### WHAT YOU ARE ASKED TO DO
All of the data that follows is to be printed exactly, without pictures.

### GIVEN INFORMATION

· · · · · · ·

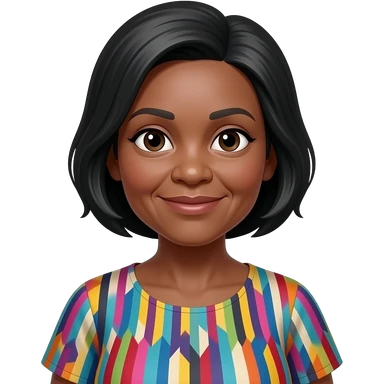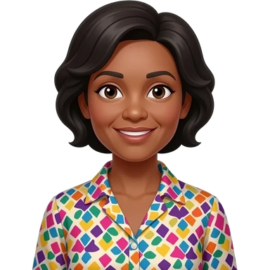female, early 60s, round face, african decent, clourful blowse top in emoji
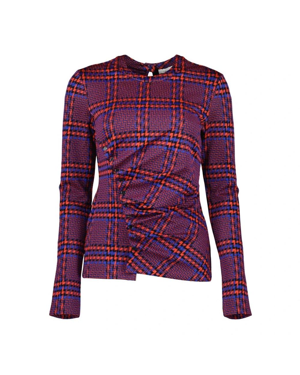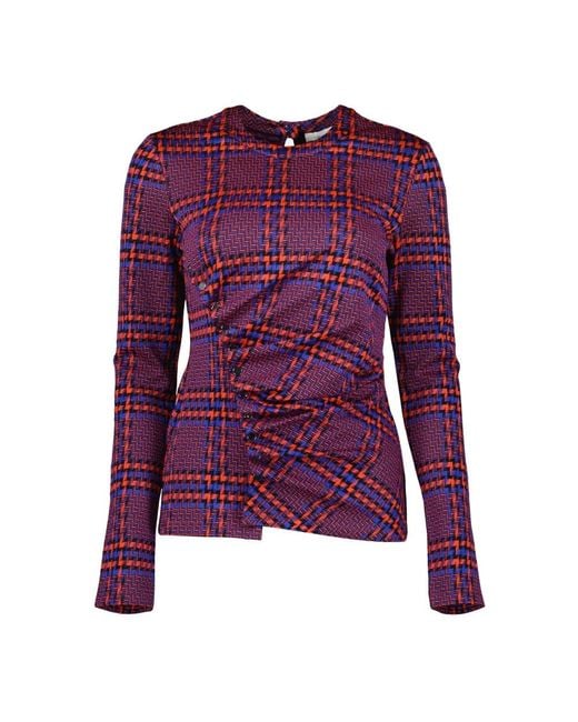 Discover the elegant Plaid Draped Top from Rabanne, a standout piece from the Autumn-Winter 2024 collection. This top features a stylish pleated effect in a purple checkered pattern, perfect for adding a touch of sophistication to your wardrobe. Key attributes: Purple | Draped style | Pleated effect | Checkered pattern |
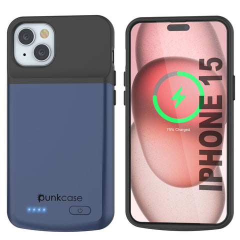 iPhone 15 Battery Case, PunkJuice 5000mAH Fast Charging Power Bank W/ Screen Protector | [Navy Blue]

· · · · · · ·

### EXERCISE SOLUTION
female, early 60s, round face, african decent, clourful blowse top in emoji
 Discover the elegant Plaid Draped Top from Rabanne, a standout piece from the Autumn-Winter 2024 collection. This top features a stylish pleated effect in a purple checkered pattern, perfect for adding a touch of sophistication to your wardrobe. Key attributes: Purple | Draped style | Pleated effect | Checkered pattern |
 iPhone 15 Battery Case, PunkJuice 5000mAH Fast Charging Power Bank W/ Screen Protector | [Navy Blue]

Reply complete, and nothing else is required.